観光果樹園が打ち出した自宅で楽しめる「巣ごもりシリーズ」で新たな販路を開拓
公開日:2021/6/29
年間を通じて約150品目もの果物を栽培する観光果樹園「平田観光農園」(広島県三次市)。これまで定番だった食べ放題式の果物狩りから、農園での収穫などの体験、いわゆる “コト消費” にフォーカスし、10年ほど前から果物体験教室や果樹園グルメなど、新しいコンテンツを発案してきた。そんな同園が、新型コロナウイルスの拡大というピンチを乗り越えるべく企画した新たな取り組みとは。
最盛期を迎えたいちご狩りの予約がほぼキャンセルに
1,500円のチケットを購入すれば、熟れ頃を迎えたさまざまなフルーツが収穫できるシステムが人気となり、新型コロナウイルス感染拡大以前は年間13万人が訪れていたという同園。果物狩り以外にも、収穫したフルーツを使ったピザやケーキ作りが体験できる施設『イチコト』や、農園カフェ『noqoo(ノクー)』、テイクアウト専門店『noqoo DELI(ノクーデリ)』のほか、ダッチオーブン窯も併設されたバーベキュースペースなど、果樹園テーマパークとしてさまざまなコンテンツを提供してきた。しかし、2020年の新型コロナウイルスの影響で、いちご狩りが最盛期を迎えた3月以降の団体予約がすべてキャンセルになった。同年4月の緊急事態宣言の発令以降は個人客からのキャンセルも相次ぎ、月間の前年比は95%マイナスと大幅に売り上げが減少した。しかし、そんなこととは関係なく、園内では次々と果物が実っていく。せっかく実ったいちごを腐らせるわけにはいかないと、従業員総出で収穫体制に入り、収穫したいちごの新たな販売ルートを模索した。

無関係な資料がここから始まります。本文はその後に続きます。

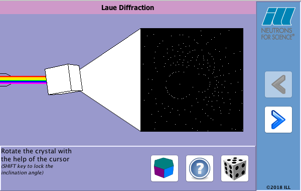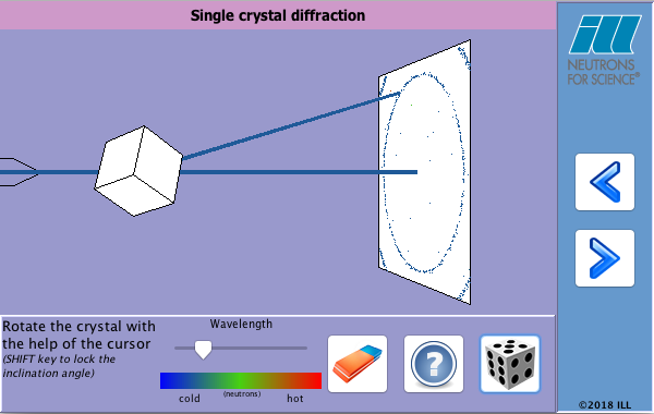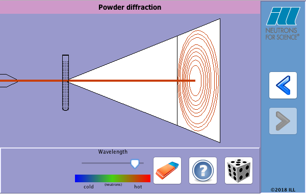 This demonstrates how a powder diffraction pattern is produced and you can see the influence of the wavelength of the beam on the resulting pattern. - Magnetic diffraction

こだわったのは、自粛中でも自宅で楽しめる“コト消費”
収穫したいちごをどのように販売するかについては、従業員全員でアイデアを出し合った。「いつもなら、この時期にいちご狩りを楽しみにしてくださっている人たちがたくさんいた。自粛により出かけられないご家庭向けに、自宅でいちご狩りを楽しんでいる気分になれたら…という思いから『巣ごもりいちご狩り』の販売を決定した」と、代表取締役の平田克明氏は同時を振り返る。セットの内容は、収穫されたいちごと、いちご狩りに使うヘタ入れ、ポーションタイプのミルク。そして、それだけではつまらないと、スタッフが扮するいちご狩りの案内人「いちごちゃん」による、いちご狩り気分を盛り上げる解説動画が視聴できるURLも一緒に届けた。この取り組みはすぐにマスコミにも取り上げられ、販売から約1カ月で予定の300セットを完売することができた。それ以降も『巣ごもりさくらんぼ狩り』や、手軽なレシピで好みのジャムができる『巣ごもりジャム作り』を販売し、いずれもスタッフが手作りした解説動画とともに届けられた。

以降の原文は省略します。